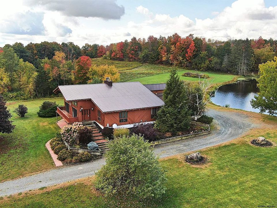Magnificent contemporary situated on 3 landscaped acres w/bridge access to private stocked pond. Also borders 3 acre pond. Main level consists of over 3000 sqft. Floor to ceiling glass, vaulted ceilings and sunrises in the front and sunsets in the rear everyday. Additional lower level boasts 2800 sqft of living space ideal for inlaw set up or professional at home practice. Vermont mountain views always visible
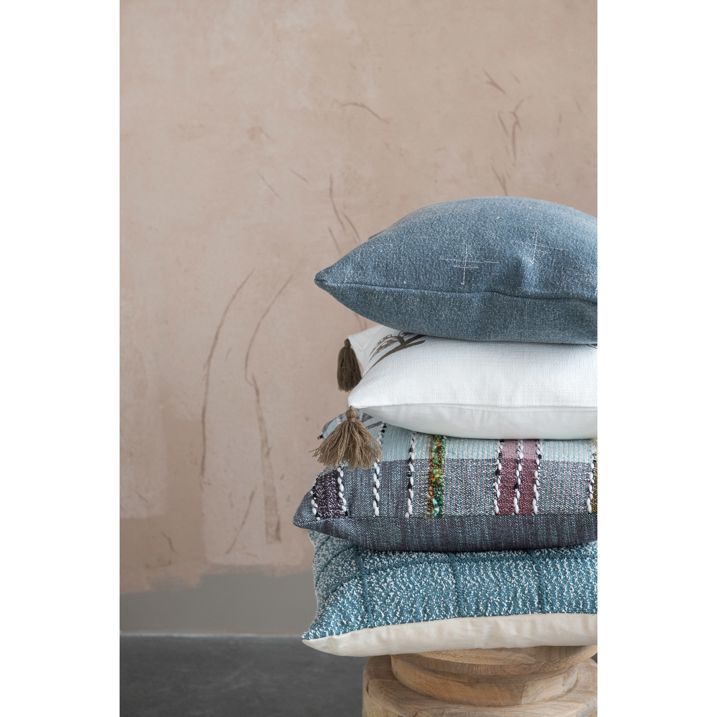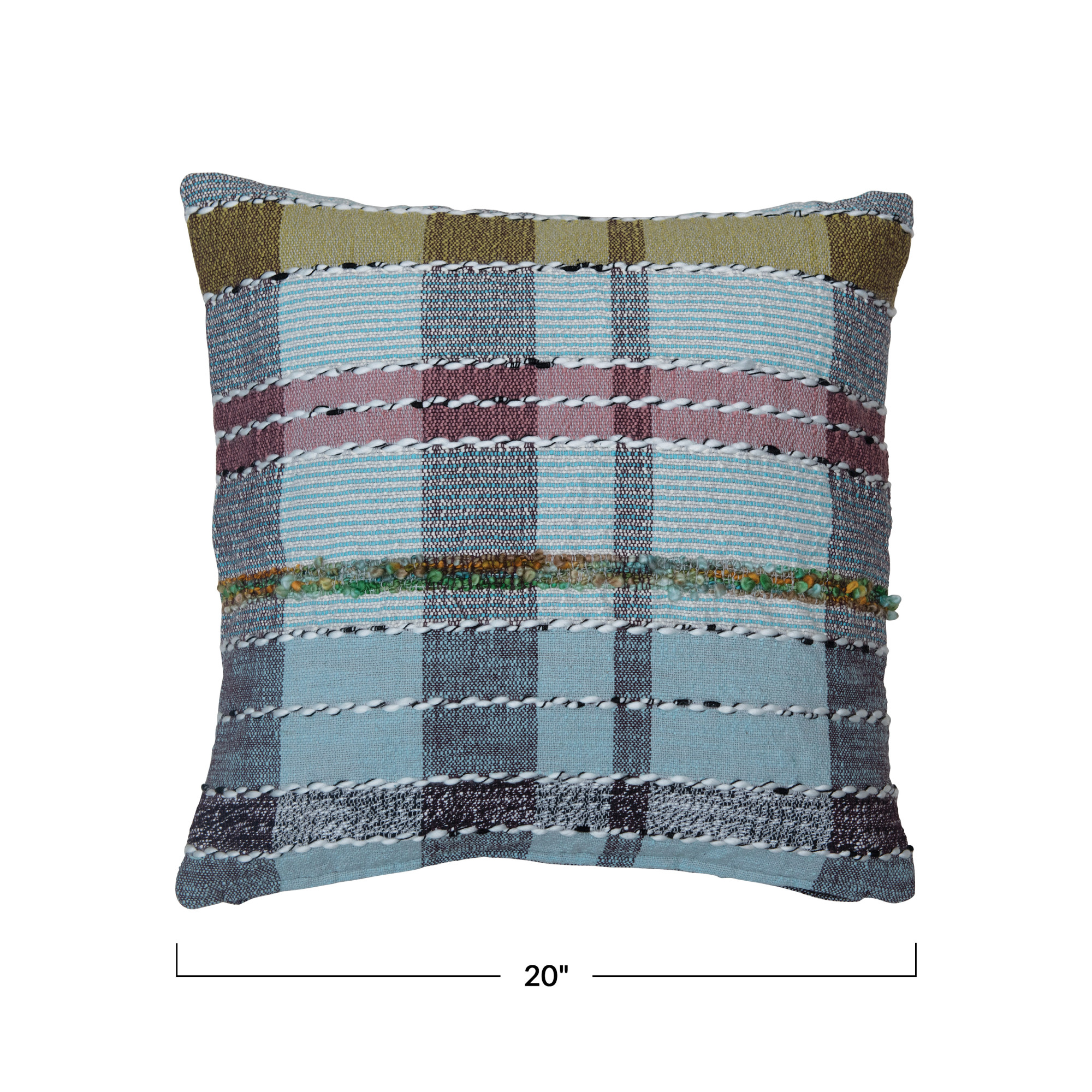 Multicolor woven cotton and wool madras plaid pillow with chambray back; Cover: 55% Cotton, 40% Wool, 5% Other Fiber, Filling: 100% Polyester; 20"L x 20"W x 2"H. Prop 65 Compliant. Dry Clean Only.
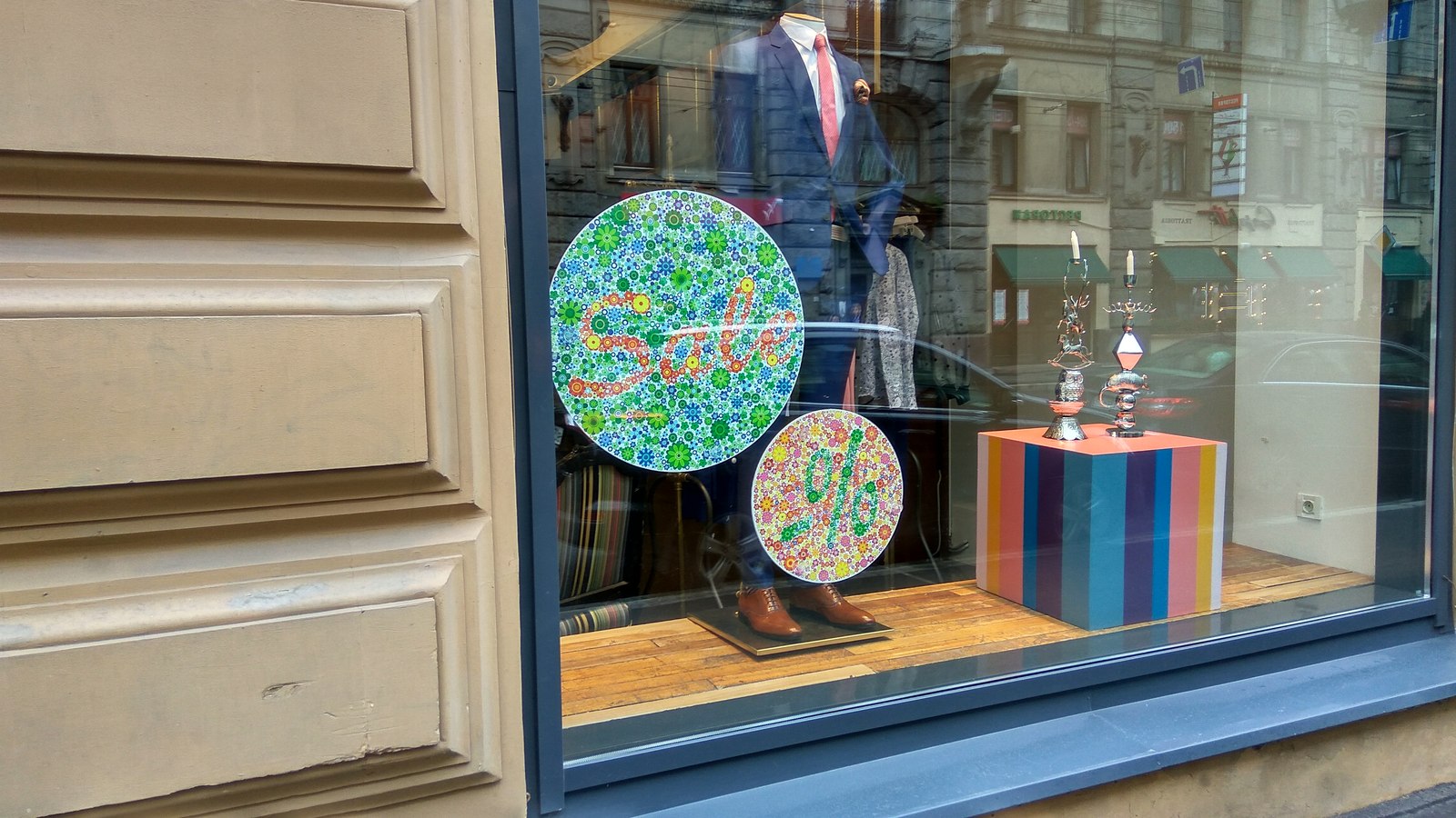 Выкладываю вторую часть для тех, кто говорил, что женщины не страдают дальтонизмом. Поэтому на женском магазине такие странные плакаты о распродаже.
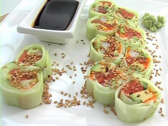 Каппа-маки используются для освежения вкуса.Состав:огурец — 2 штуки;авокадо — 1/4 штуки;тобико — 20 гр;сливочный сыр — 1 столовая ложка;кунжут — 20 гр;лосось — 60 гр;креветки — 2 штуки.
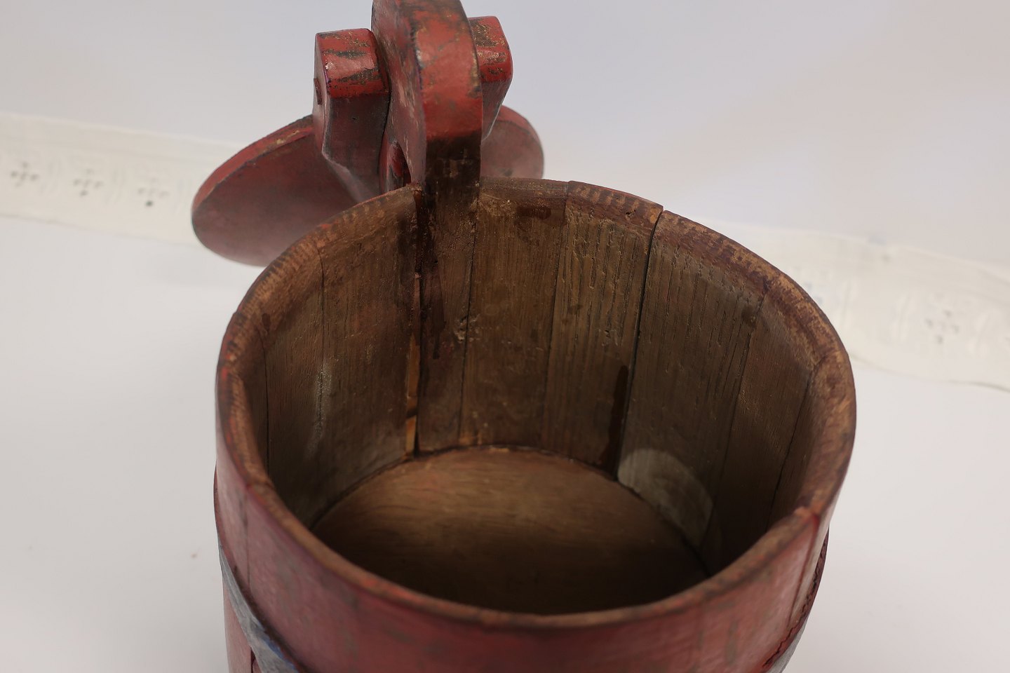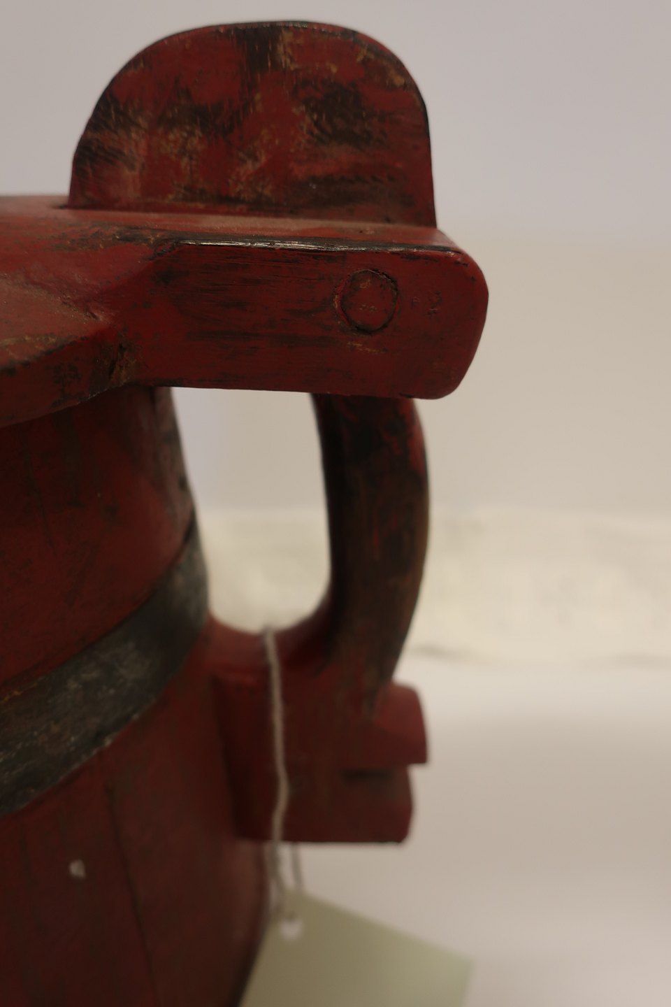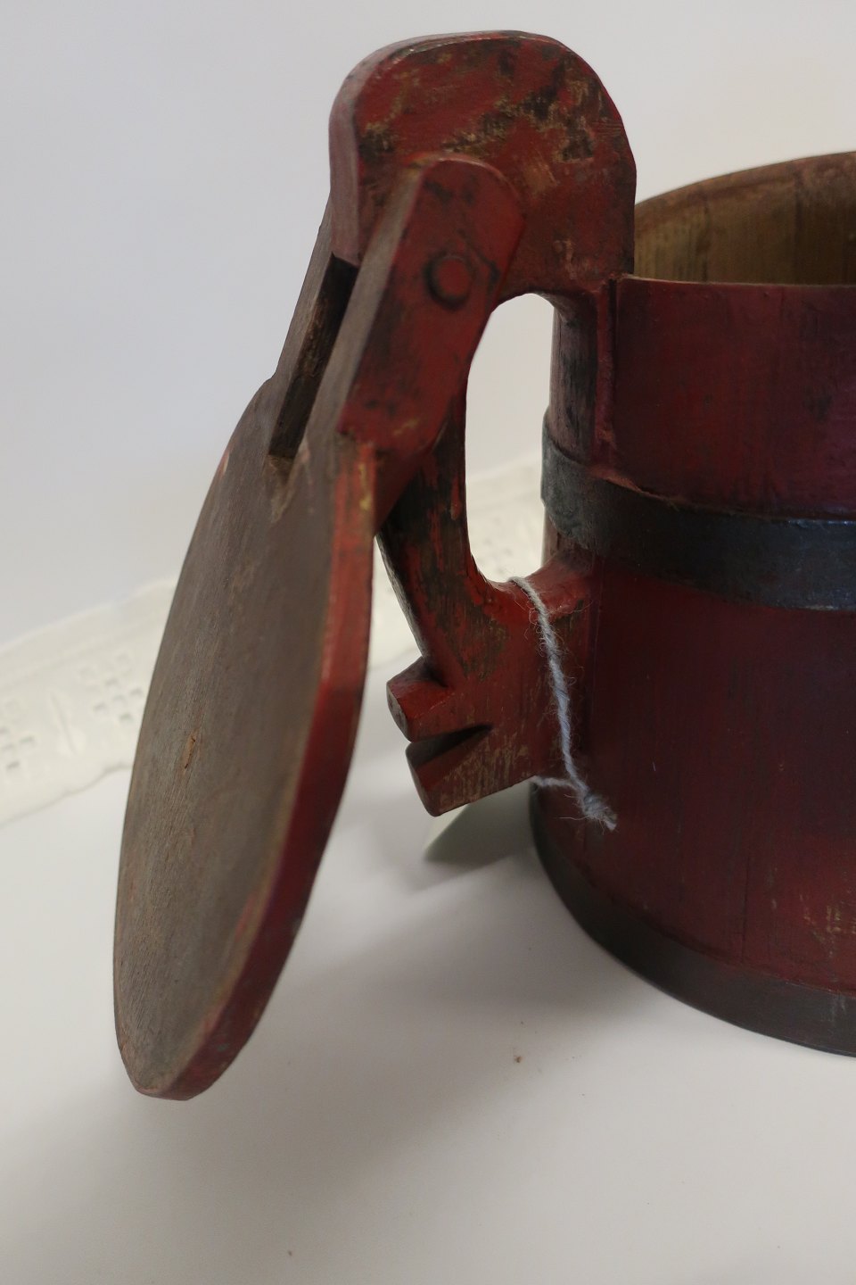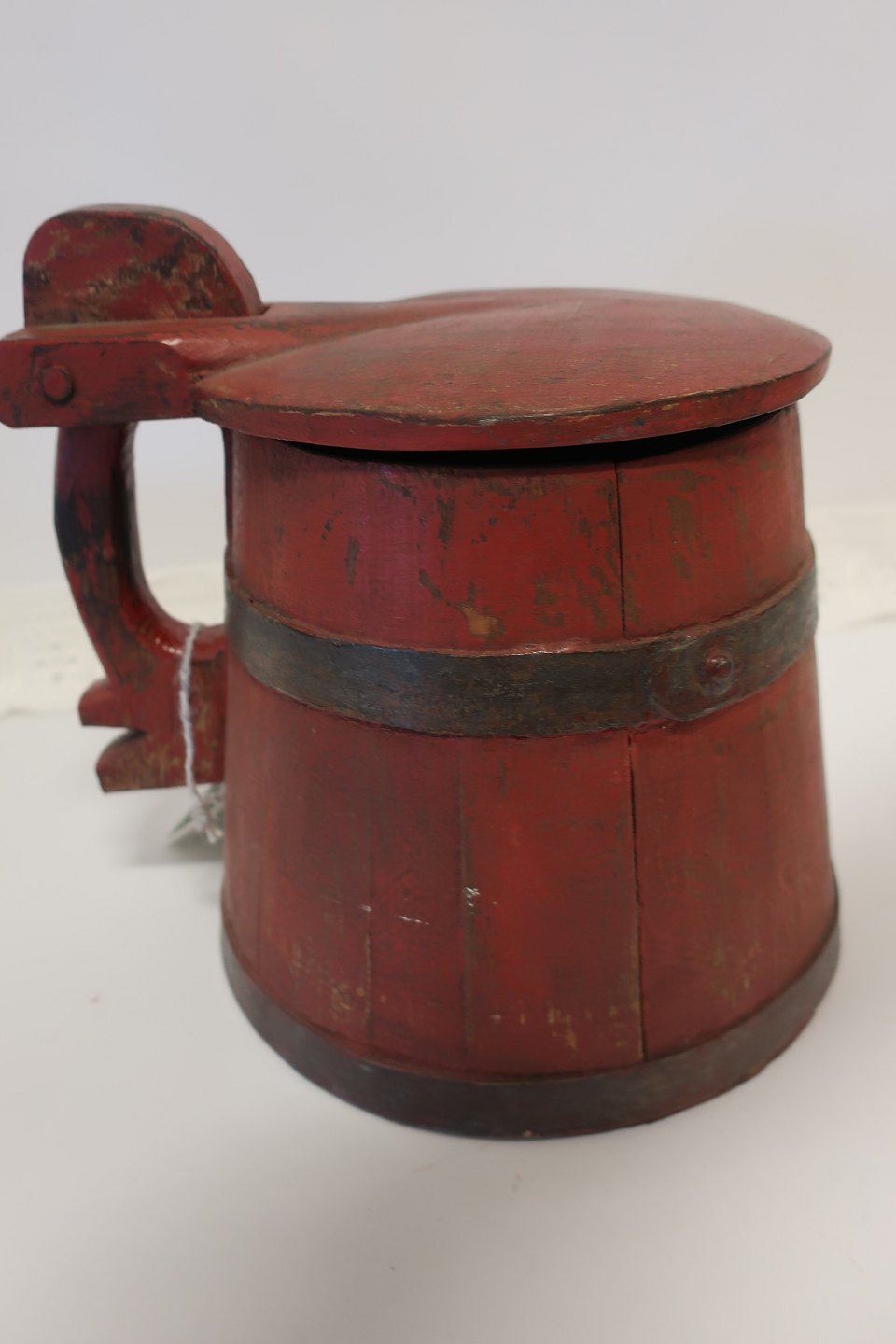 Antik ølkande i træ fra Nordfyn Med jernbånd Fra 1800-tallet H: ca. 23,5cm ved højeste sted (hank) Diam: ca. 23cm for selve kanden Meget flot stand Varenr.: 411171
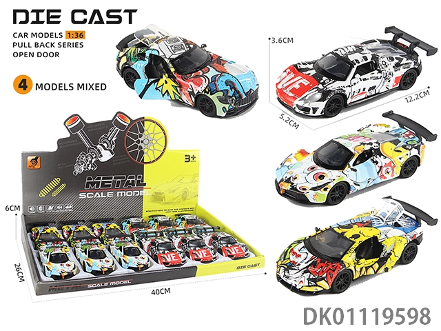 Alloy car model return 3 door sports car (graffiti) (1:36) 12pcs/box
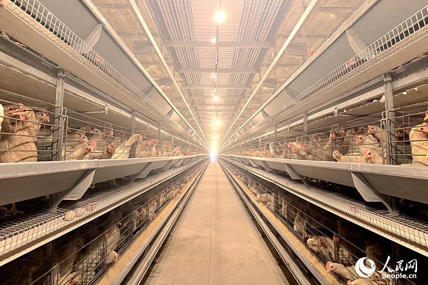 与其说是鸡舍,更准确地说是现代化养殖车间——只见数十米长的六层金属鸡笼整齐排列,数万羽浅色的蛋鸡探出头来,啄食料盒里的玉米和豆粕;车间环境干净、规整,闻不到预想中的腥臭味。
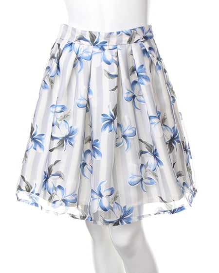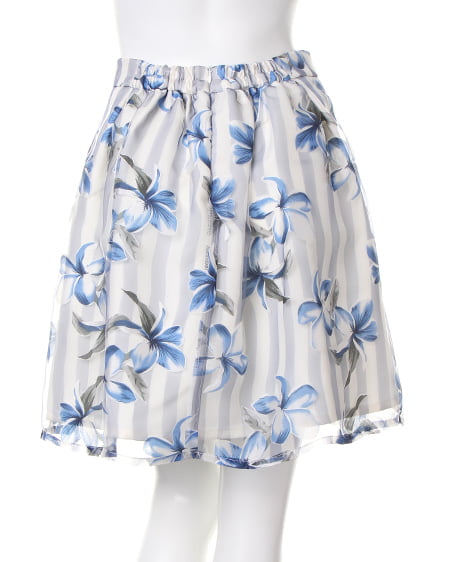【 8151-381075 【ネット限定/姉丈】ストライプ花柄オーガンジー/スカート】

- - - - - - -

* INSTRUCTIONS FOR THE TASK
Give the listing above again in its entirety and exactly; do not include the pictures.

* REPLY
Magnificent contemporary situated on 3 landscaped acres w/bridge access to private stocked pond. Also borders 3 acre pond. Main level consists of over 3000 sqft. Floor to ceiling glass, vaulted ceilings and sunrises in the front and sunsets in the rear everyday. Additional lower level boasts 2800 sqft of living space ideal for inlaw set up or professional at home practice. Vermont mountain views always visible
 Multicolor woven cotton and wool madras plaid pillow with chambray back; Cover: 55% Cotton, 40% Wool, 5% Other Fiber, Filling: 100% Polyester; 20"L x 20"W x 2"H. Prop 65 Compliant. Dry Clean Only.
 Выкладываю вторую часть для тех, кто говорил, что женщины не страдают дальтонизмом. Поэтому на женском магазине такие странные плакаты о распродаже.
 Каппа-маки используются для освежения вкуса.Состав:огурец — 2 штуки;авокадо — 1/4 штуки;тобико — 20 гр;сливочный сыр — 1 столовая ложка;кунжут — 20 гр;лосось — 60 гр;креветки — 2 штуки.
 Antik ølkande i træ fra Nordfyn Med jernbånd Fra 1800-tallet H: ca. 23,5cm ved højeste sted (hank) Diam: ca. 23cm for selve kanden Meget flot stand Varenr.: 411171
 Alloy car model return 3 door sports car (graffiti) (1:36) 12pcs/box
 与其说是鸡舍,更准确地说是现代化养殖车间——只见数十米长的六层金属鸡笼整齐排列,数万羽浅色的蛋鸡探出头来,啄食料盒里的玉米和豆粕;车间环境干净、规整,闻不到预想中的腥臭味。
【 8151-381075 【ネット限定/姉丈】ストライプ花柄オーガンジー/スカート】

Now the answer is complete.